Today, the U.S. Department of Education (ED) released a new video where Department staff share personal stories and identify tools that support students experiencing bullying. In response to students suffering bullying in schools, ED has redoubled efforts to give parents, educators, and students the tools they need to stop harassment, including through the website Stopbullying.gov and civil rights enforcement.

We have also joined thousands of supportive messages, and numerous fellow agencies and Obama Administration colleagues, in the “It Gets Better” project.  And while ED staff explain that their experiences got better over time, we also want to emphasize that students shouldn’t have to wait – together we can help make it better today, not tomorrow.


Click here for an alternate version of the video with an accessible player.

Jessica McKinney works in the Office of the Deputy Secretary at the U.S. Department of Education 

8 Comments

  1. I would like to see more of a teen format that deals with bullying issues that help individuals who are being dealing with being bullied for monies, work, clothing and beating by bullies. The video was informative for LBGT, but needed a teen format.

  2. The entire anti-bullying “It gets Better” video only addresses gay students & workers but doesn’t cover other prohibited bullying issues. A 2nd video should be made concerning race/national origin bullying & verbal/physical slurs & attacks in the hallway & on the playgaround. I just finished handling a case where an Hispanic-American elementary school boy with a severe LD condition endured 3 months of such slurs with “Stupid” the most repeated word on the playground. He was finally physically attacked by several boys, punched & knocked down, kicked while down, bruises showing up from this beating, but this boy was the one punished via his Principal suspending him & then expelling him out of school. Have the next video have a parent describing such incidents, & the student bullied based on race or national origin or disability, tell us how it feels & how he/she was able to endure.

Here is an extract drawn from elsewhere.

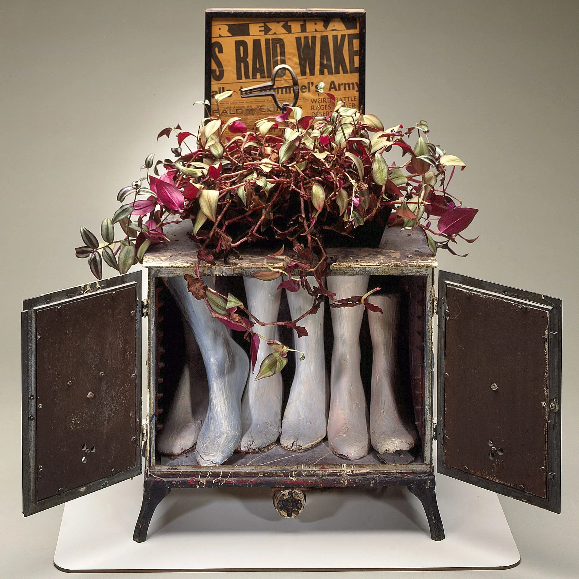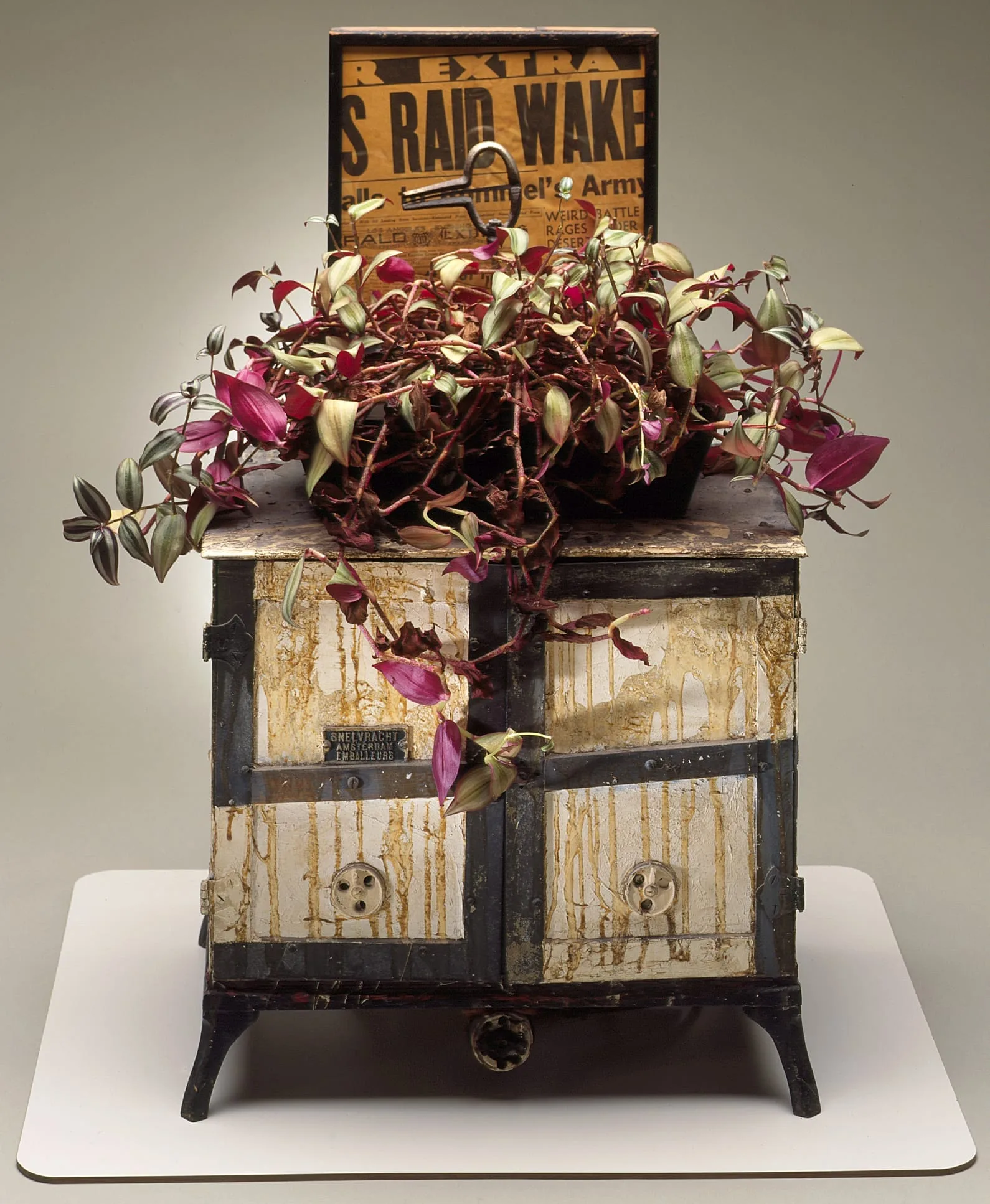 - Wood, metal, paper, paint, soil, plant (Wandering Jew), and aluminum container

  3. I am the superintendent of a juvenile detention center and I thought this would be a good video to use with our kids during their PREA orientation. But, I was wrong. This will not hold a kid’s interest and is not “direct” enough. Many of the juveniles we house have trouble following abstract ideas…they need direct, simple information that they can relate to. This video is a “starting point”, but it needs to be kids talking about their stories….and giving insight about how this sort of bullying was handled by them and if it worked or not. Then have some “former bullies” tell what they did and why they did it…and finally, what made them finally see that their actions were wrong. I think that kind of video would be much better received, and the information would be more likely to be used. thanks…we’re heading in the right direction!!!

  4. Glad that the conversation on bullying is finally taking place. But this video makes it seem as though we’re only protecting gay kids from being terrorized. It tells kids that the only officially recognized and protected victims are gay.

  5. Outstanding video. It’s important that we are visible to prevent suicides and create an environment of acceptance. School should always be a safe place but unfortunately it is not.

    This will make a difference.

  6. Well done! Thank you Secretary Duncan and all who participated. I see the audience for this to be school administrators, teachers, counselors, parents, and others who work with or on behalf of students. It would be great if ED would produce an It Bets Better video with the same message (and maybe throw in DOMA is dead!) in a format that’s more appropriate for teens and tweens.

  7. I am curious who your intended audience is for this video. The information is really important and the stories are valuable but if you want students to watch it you need a format that is more engaging than people in suits talking.